Is there any example for doing policy gradient calculation with dl4j/rl4j?

I can not find any. Since dl4j embeds the activation function in the layer, it seems difficult to calculate the gradient externally and put it back in dl4j network.

There is an example for external errors: https://github.com/eclipse/deeplearning4j-examples/blob/master/dl4j-examples/src/main/java/org/deeplearning4j/examples/misc/externalerrors/MultiLayerNetworkExternalErrors.java

If you don’t want the activation function to modify the output of a layer, you can always use an identity activation.

Yes, but I need an activation function such as softmax to get the probility of each action as the output of the policy network.

You can use external errors with softmax too, there should be nothing to prevent you from using a Softmax activation on your last layer.

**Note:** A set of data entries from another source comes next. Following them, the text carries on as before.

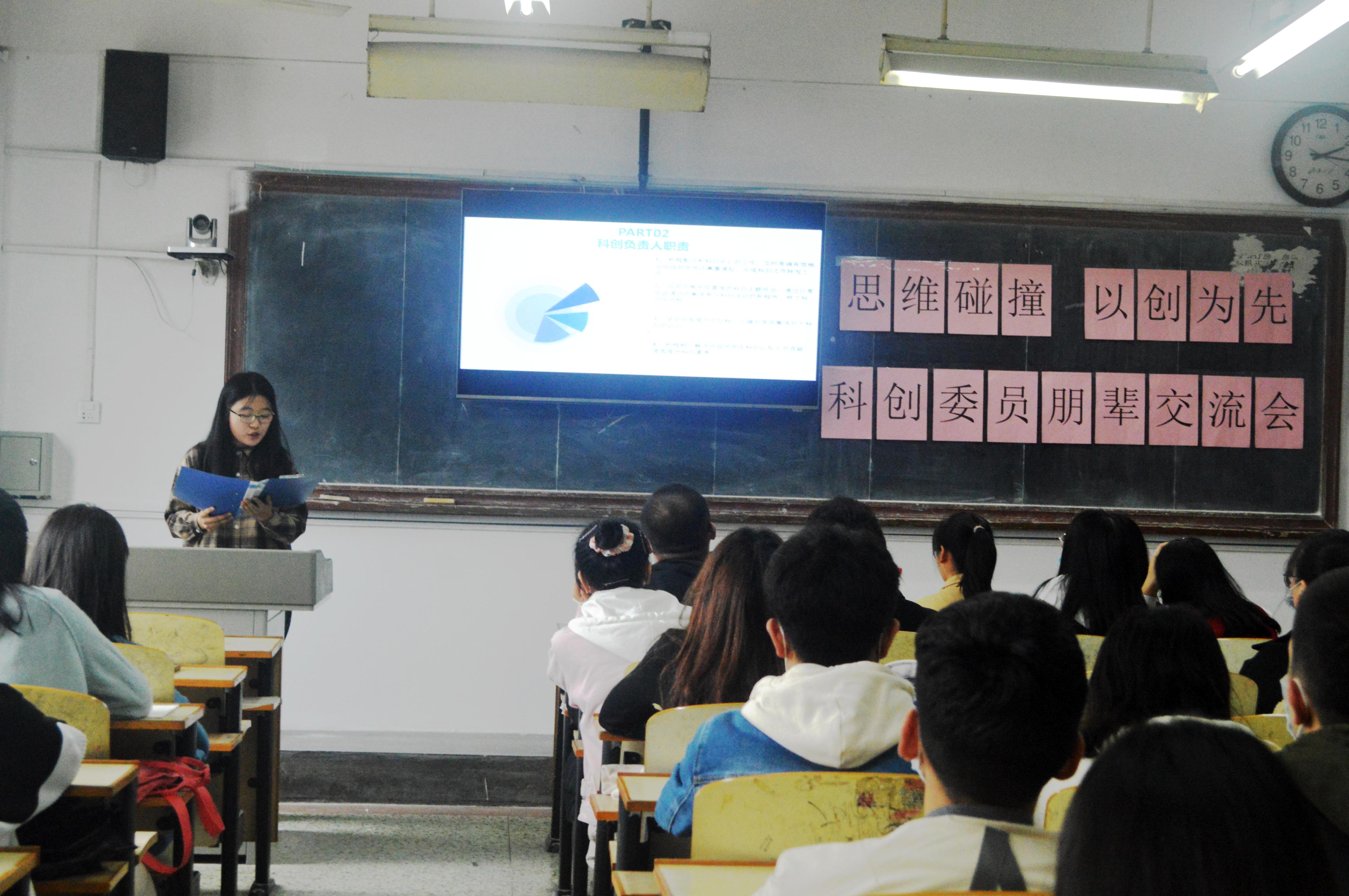 思维碰撞,以创为先——为明确同学们对于科创工作的认识,增强班级科创负责人对各类科创赛事的了解。11月17日,由我院学生会承办的“思维碰撞,以创为先”主题科创委员朋辈交流会在第四教学楼成功举办。
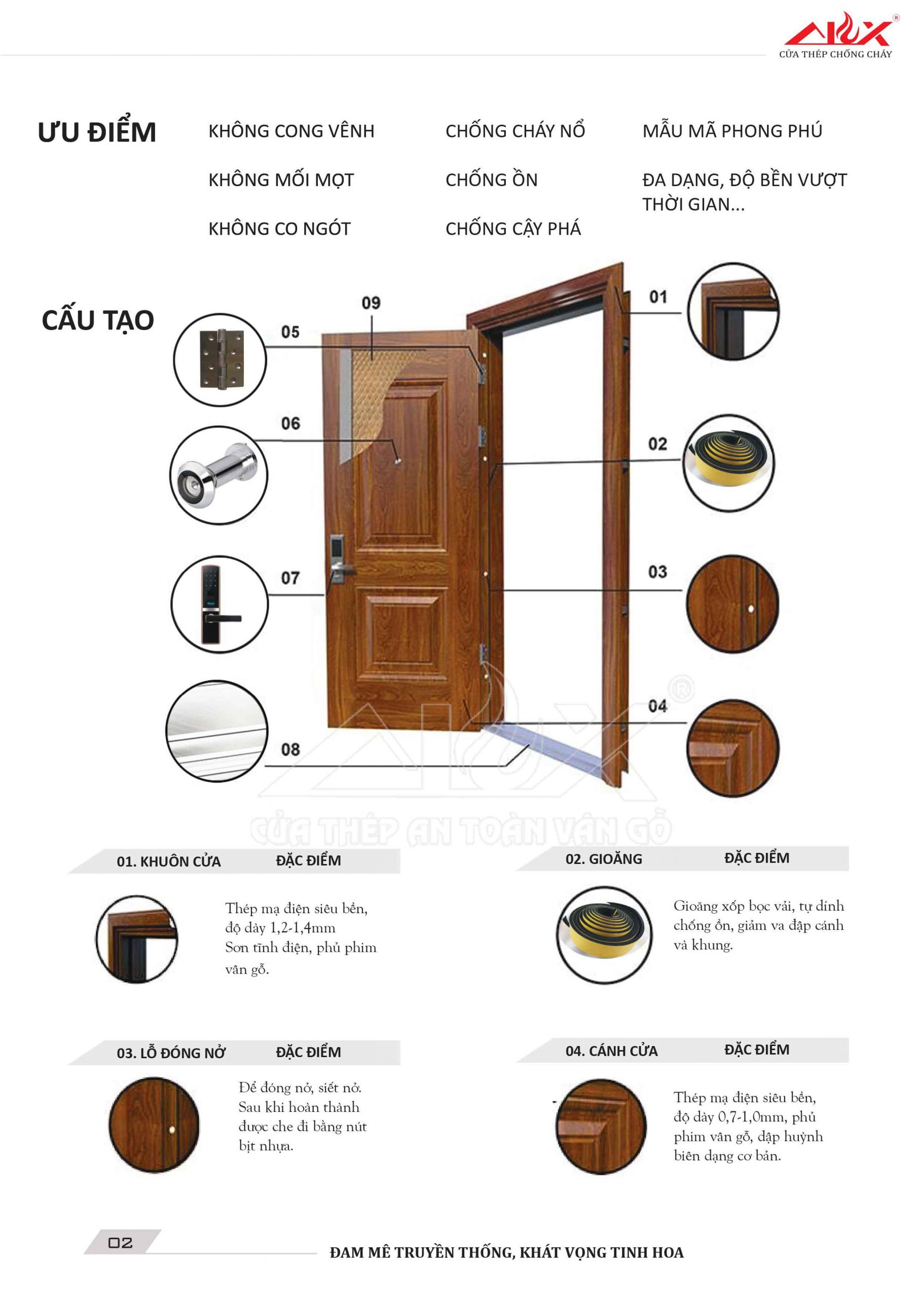 Cửa thép vân gỗ của Alux là một sản phẩm độc đáo, kết hợp giữa tính năng an toàn và vẻ đẹp tự nhiên. Cấu tạo của cửa bao gồm nhiều thành phần quan trọng như khuôn cửa, gioăng, lỗ đóng mỡ, và cánh cửa. Cánh cửa được thiết kế từ thép mạ điện chống gỉ, với độ dày từ 0,7 đến 1mm, đi kèm với lớp phim vân gỗ tinh tế.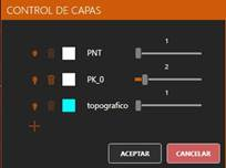 Control de capas: Nos permite gestionar las capas del visor CAD. Si hacemos clic en el icono se mostrará el siguiente diálogo:
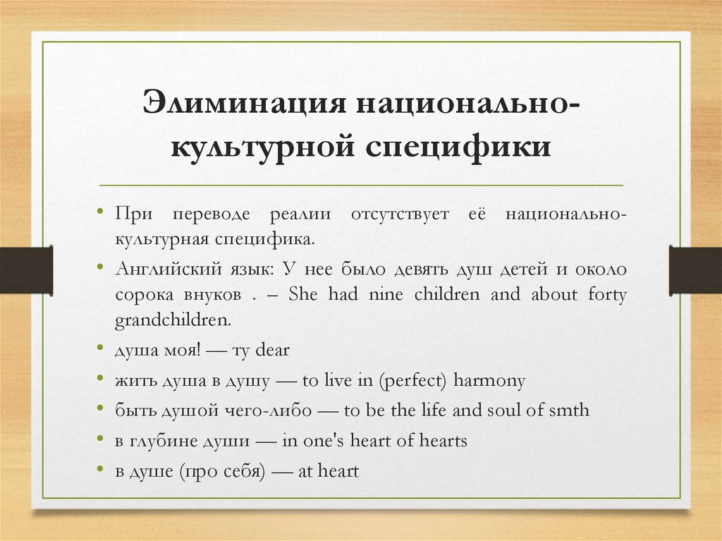 Элиминация национальнокультурной специфики• При переводе реалии отсутствует её национальнокультурная специфика.

How is the external error should be calculated in the case of softmax as the last layer?
As the policy gradient algorithm, the gradient should be calculated with the reward, such as reward*log(actionProb). I get the reward from the environment and get the action probility from dl4j network ouput.But to backprop the network with softmax as the final output, I should get the error of the probility right?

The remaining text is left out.